### Task
Repeat the data exactly. Pictures are not part of the copy.

### Available data
▼

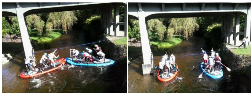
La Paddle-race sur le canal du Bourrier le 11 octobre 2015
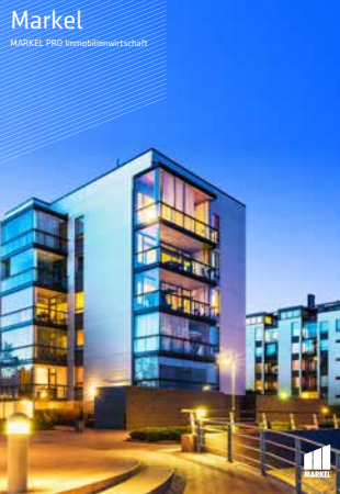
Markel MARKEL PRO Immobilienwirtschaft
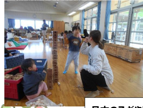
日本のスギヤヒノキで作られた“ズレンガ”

▲

### Final answer
La Paddle-race sur le canal du Bourrier le 11 octobre 2015
Markel MARKEL PRO Immobilienwirtschaft
日本のスギヤヒノキで作られた“ズレンガ”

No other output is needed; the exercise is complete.